Last week almost all notable experts and commentators focussed on the analysis of the 28 part integration plan. Several conferences were held in Belarus, Russia and Ukraine, including one under the auspices of Belarus in Focus, the Press Club and the Belarusian Institute for Strategic Studies. As a result, the public heard a wide range of predictions regarding the future of Russian-Belarusian relations – from opinions about serious compromises of Belarus’ sovereignty to forecasts of a sharp decline in integration enthusiasm after the elections to the State Duma of the Russian Federation.
The most significant concrete step towards integration was submitted by the customs services of Belarus and Russia. At the XII International Scientific and Practical Conference “30 years of the Customs Service of independent Belarus: with the experience of the past to the synergy of the future”, it was stated that the customs departments are preparing a large package of documents on integration. Vladimir Ivin, deputy head of the Federal Customs Service of the Russian Federation, stated that “When these documents come into force, we will not just be interacting in a coordinated manner, but also moving towards an integrated, and in some cases unified application of customs administration.”
On September 16th, Alexander Lukashenka took part in the CSTO Summit in Dushanbe, where (in the absence of Vladimir Putin) he alleged in an emotional speech that NATO exercises near the Belarusian border create the risk of military provocations and incidents. While the planned “West-2021” exercises are “exclusively defensive in nature”, – Poland and Ukraine stubbornly talk about imaginary threats to their security. Afghanistan was also mentioned – as a secondary priority problem.
Two days earlier, during a state awards ceremony, Lukashenka criticised Russian artists who stopped performing in Belarus. “They’re not artists. They’re not creatives. It is not even cowardice. They are traitors,” he said. He did not name anyone specifically but clarified that he meant those “greats” who had asked him to help organise concerts.

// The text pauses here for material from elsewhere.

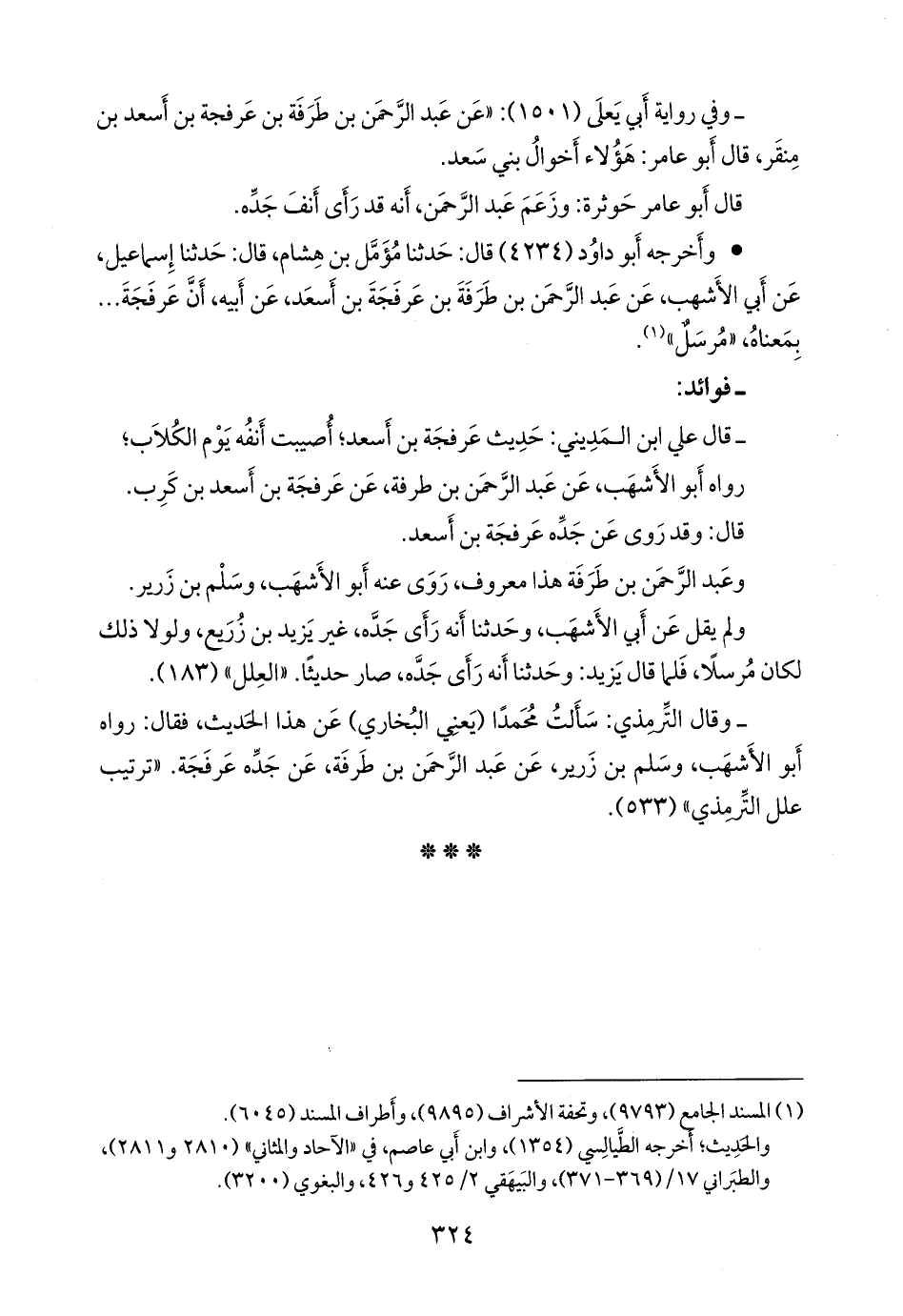 - وقال التِّرمِذي: سألتُ محمدًا، يعني ابن إسماعيل البخاري، عن هذا الحديث، فقال: رواه أَبو الأشهب، وسَلْم بن زَرير، عن عبد الرَّحمَن بن طرفة، عن جَدِّه عرفجة. «ترتيب علل التِّرمِذي» (٥٣٣).

On September 17th, the 3-day State Duma elections commenced in Russia. According to the CEC, the total turnout by 20:00 Moscow time on September 18th exceeded 31.5% (excluding remote electronic voting data). If more than a third of all voters voted before the primary election day, experts conclude that turnout for the previous elections (48%) will be exceeded. It follows that the Kremlin is orchestrating high turnout to ensure that United Russia does not just win but delivers a resounding victory. If this observation is correct, then it would appear that the Russian ruling class perceived the experience of Lukashenka in August 2020 as entirely positive.